Exercise aim>
What is needed is an exact reproduction of the lines in the records below, starting at the line with "KASITES Pure Titanium" and ending at the line with "Die Büroräume von", both included, and nothing else; pictures stay out.

Stored dataset items>
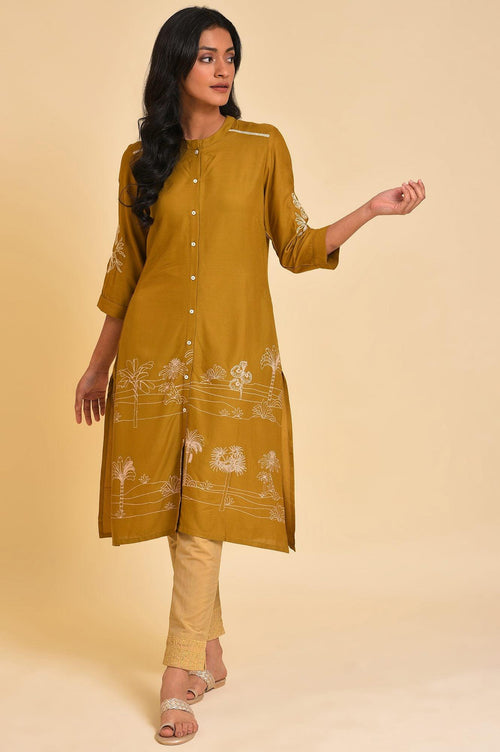 Elevate your casual wardrobe with this exquisite yellow kurta, perfect for those who appreciate ethnic charm. Crafted with meticulous attention to detail, this woven piece features intricate embroidery that adds a touch of elegance to its design. The three-quarter sleeve length offers a comfortable and versatile fit, suitable for various occasions. Made from 100% viscose rayon, this kurta ensures breathability and a soft feel against your skin. The straight silhouette flatters various body types, while the band neckline adds a subtle sophistication. Whether you're attending a family gathering or a casual outing with friends, this kurta is sure to make you stand out with its vibrant yellow hue and impeccable craftsmanship.
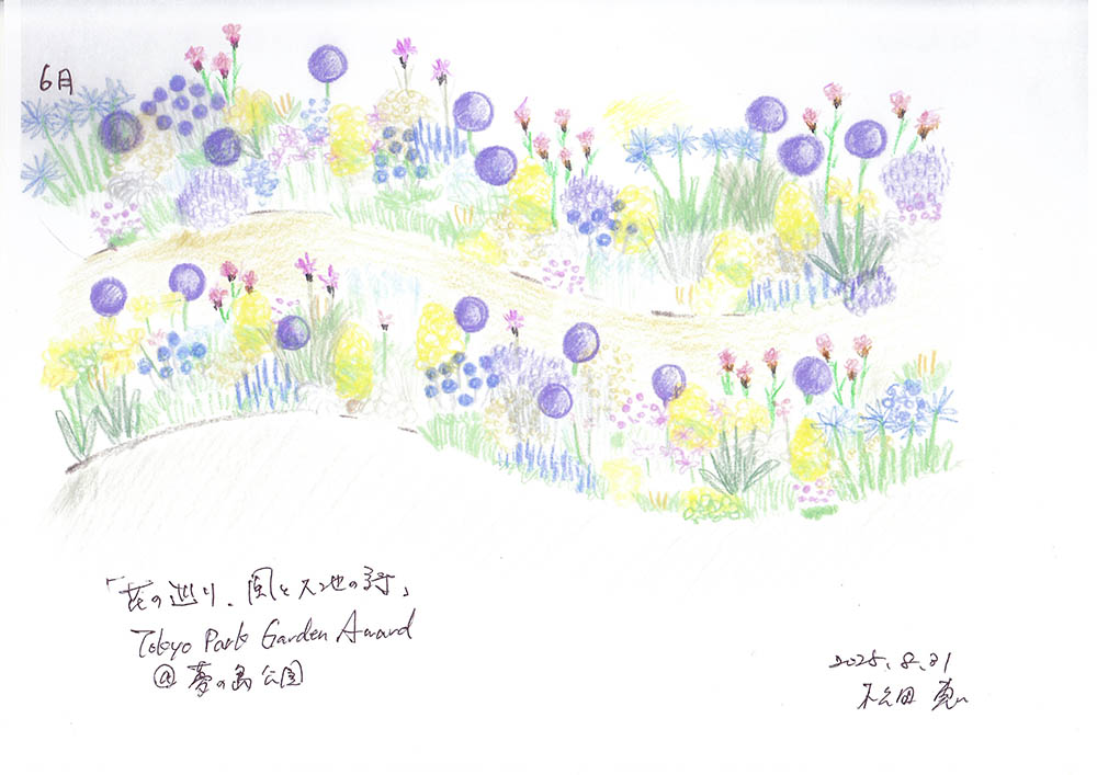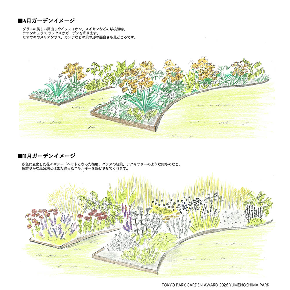 植物を単なる装飾に限らず、この地固有の「環境を翻訳する存在」と捉え、来園者が海風・光・湿度・熱といった目に見えない環境を感覚・知覚できる場をつくります。「東京サバンナ」は景観的なサバンナの模倣ではなく、夢の島の歴史と環境条件から必然的に現れた都市の新しい風景です。都市と自然の狭間に生まれたこの庭を通じて、来園者が環境や植物との関わりを見つめ直し、都市園芸の新たな可能性を感じ取るきっかけとなることを願います。そしてこのガーデンが、見た目の美しさと維持のしやすさを兼ね備えた、持続可能な宿根草ガーデンの新しいスタンダードとして育まれれば幸いです。
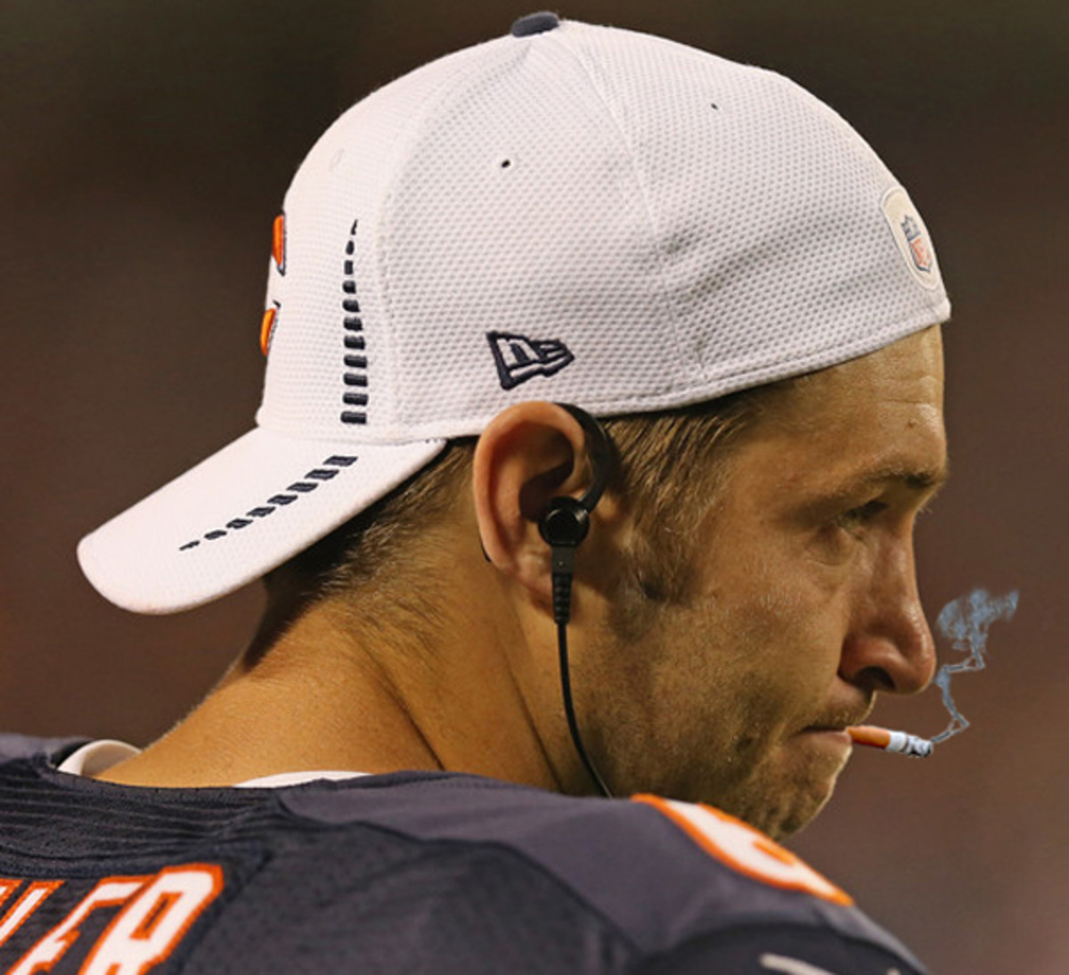 Photos of Jay Cutler doing what Jay Cutler does, just with a cigarette Photoshopped into his mouth.
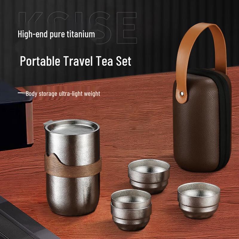 KASITES Pure Titanium Portable Travel Tea Set (1 Pot, 4 Cups)
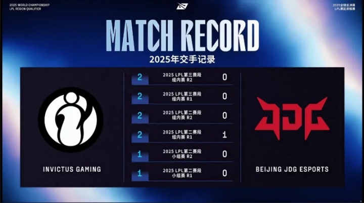 直播吧9月27日讯 在今天冒泡赛直播流中,官方分享了IG与JDG的2025年的交手记录,其中IG在今年保持了对JDG的六连胜(含BO1)。
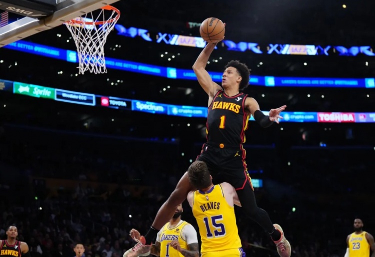 说起来也奇怪,老鹰队的这套阵容本来是以特雷-杨为核心搭建的,结果亚历山大-沃克反倒是成了杰伦-约翰逊最好的拍档,杰伦-约翰逊每场有30%的传球都传到了沃克手上,而沃克也以精英级别的投射水准和高质量的防守施压为杰伦-约翰逊在攻防两端提供了最可靠的支援,场均得分从上赛季在森林狼队的9.4分直线飙升到了惊人20.4分!
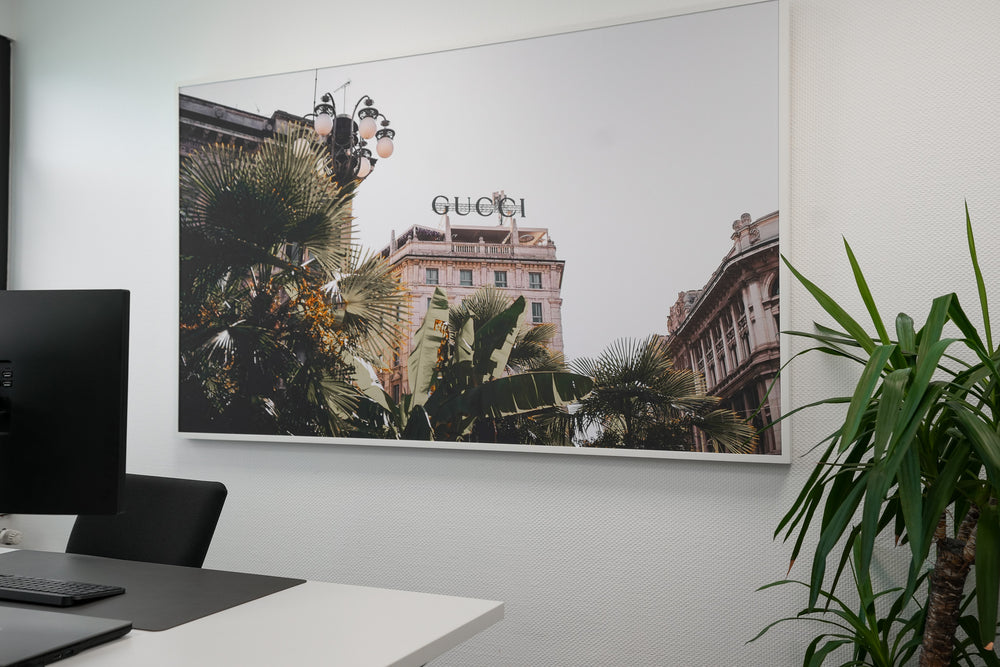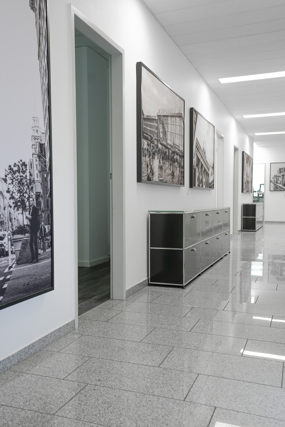 Die Büroräume von Löhr & Partner wiesen durch den polierten Granitboden und glatte Wandflächen eine erhöhte Nachhallzeit auf. Besonders im Flurbereich führten die harten Oberflächen zu starken Schallreflexionen und einer spürbaren Geräuschbelastung. Der großzügig verglaste Konferenzraum verstärkte diesen Effekt zusätzlich und beeinträchtigte die Sprachverständlichkeit.
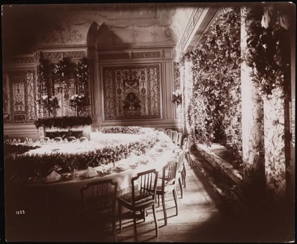 They included nearly every member of the extended Vanderbilt clan (who were barred from Consuelo’s wedding by the fearsome Alva), President and Mrs. Cleveland, and the two principal members of feuding branches of Astor family, Caroline Astor as well as her nephew and social nemesis William Waldorf. Newspapers breathlessly recounted every last detail of the wedding from the clothes, to the music, food, the wedding breakfast and a minute-by-minute description of the service. Fortunately, a photographic record of the floral decorations from the church and the mansion exists in the Museum of the City of New York’s photographic archives.

Answer to the problem>
 KASITES Pure Titanium Portable Travel Tea Set (1 Pot, 4 Cups)
 直播吧9月27日讯 在今天冒泡赛直播流中,官方分享了IG与JDG的2025年的交手记录,其中IG在今年保持了对JDG的六连胜(含BO1)。
 说起来也奇怪,老鹰队的这套阵容本来是以特雷-杨为核心搭建的,结果亚历山大-沃克反倒是成了杰伦-约翰逊最好的拍档,杰伦-约翰逊每场有30%的传球都传到了沃克手上,而沃克也以精英级别的投射水准和高质量的防守施压为杰伦-约翰逊在攻防两端提供了最可靠的支援,场均得分从上赛季在森林狼队的9.4分直线飙升到了惊人20.4分!
 Die Büroräume von Löhr & Partner wiesen durch den polierten Granitboden und glatte Wandflächen eine erhöhte Nachhallzeit auf. Besonders im Flurbereich führten die harten Oberflächen zu starken Schallreflexionen und einer spürbaren Geräuschbelastung. Der großzügig verglaste Konferenzraum verstärkte diesen Effekt zusätzlich und beeinträchtigte die Sprachverständlichkeit.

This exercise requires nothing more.